Benchmarks

Choosing the Right Models (So You Don't Burn Money)

Six local models on an RTX 5070 Ti showed why speed, quality, and routing matter more than benchmark bragging rights.

2026-04-12 · 2 min read

The benchmark

Within 24 hours of setting up, I needed data. Which models actually work on this hardware? What are the real speed/quality tradeoffs?

I built a standardized benchmark -- 5 test categories, each scored objectively:

Simple Greeting -- Can it respond coherently and concisely?
Thinking / Reflection -- Can it produce original, structured analysis?
Logical Reasoning -- Can it solve a reasoning puzzle?
Code Generation -- Can it write working Python?
Math -- Can it solve and explain a math problem?

The results

Model	Score (/10)	Avg Response	Best For
gemma4:e4b	10	0.78s	Fast coding, tool orchestration, strict JSON
gpt-oss:20b	10	0.89s	Fast coding, tool orchestration, strict JSON
qwen3.5:9b	10	6.31s	Coding + structured outputs
gemma3:12b	7	0.89s	General chat, quick drafts
glm-4.7-flash	7	78.11s	Deep analysis only; NOT for agent loops
devstral-small-2	3	1.01s	Fallback / experimental only

The model map — at a glance

Here's the benchmark logic as a visual routing map: which models were fast, which were useful, and which ones looked good until latency made them painful.

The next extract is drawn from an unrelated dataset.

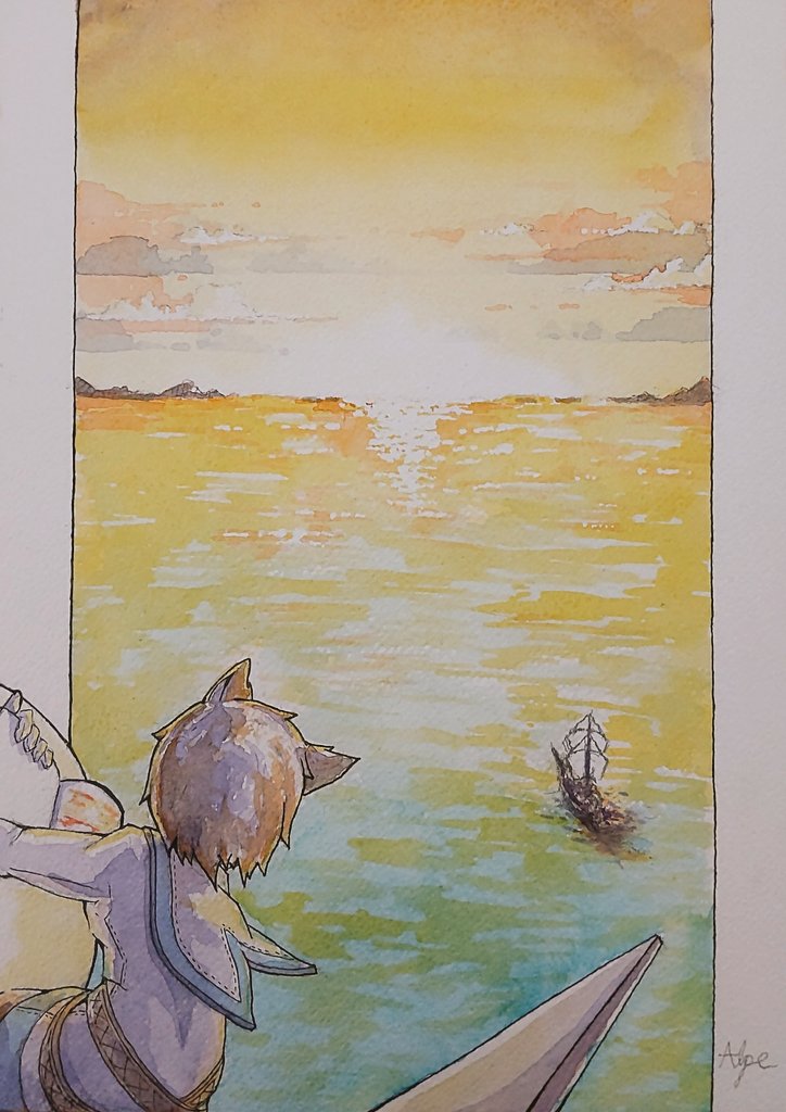 4枚描けたんで並べてみたら どーでしょ 何となく物語っぽくなったかな? 1枚目以外はペン入れしたので 見やすくなってる気がする 次は夜空と月 1ヶ月1枚の締め切りまでに 線画くらいは終わらせたい #がじゅうのえかき #透明水彩 #Watercolor

Choosing the Right Models — speed vs quality benchmark map

View full-size infographic

The 78-second problem

Look at that glm-4.7-flash number. 78 seconds. It scored 7/10 -- not bad quality-wise. But in an agent loop where you might make 20 API calls to solve a task? You're looking at 26 minutes per task. That's not an AI assistant, that's a pen pal.

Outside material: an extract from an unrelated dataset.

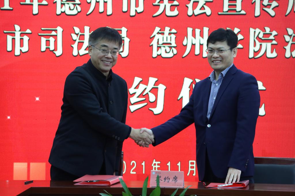 活动中,副校长李永平和司法局局长李福辉共同签署了德州市司法局和德赢AC米兰中国官方网站法治共建协议。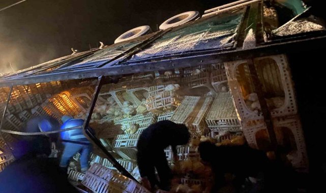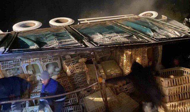 Kamyondan savrulan ve plastik kasalara sıkışan yüzlerce tavuk telef oldu. Kazada canlı kalan tavuklar ise başka bir kamyona nakledildi. Kamyonun kasasında toplam 3 bin canlı tavuğun bulunduğu öğrenildi.

Speed matters more than quality when you're building automated workflows.

The routing strategy

This benchmark directly shaped my model routing:

Primary fast local: gemma4:e4b or gpt-oss:20b -- sub-second, 10/10 quality
Structured output backup: qwen3.5:9b -- 6 seconds is fine for batch JSON work
Avoid in agent loops: glm-4.7-flash -- quality is OK, latency kills it
Experimental: devstral-small-2 -- keep around, don't trust yet

The API discovery

One more critical finding: the Ollama /api/generate endpoint returns empty response fields for models that use "thinking tokens" (gemma4, qwen3.5). You have to use /api/chat with streaming to get both message.content and message.thinking properly separated.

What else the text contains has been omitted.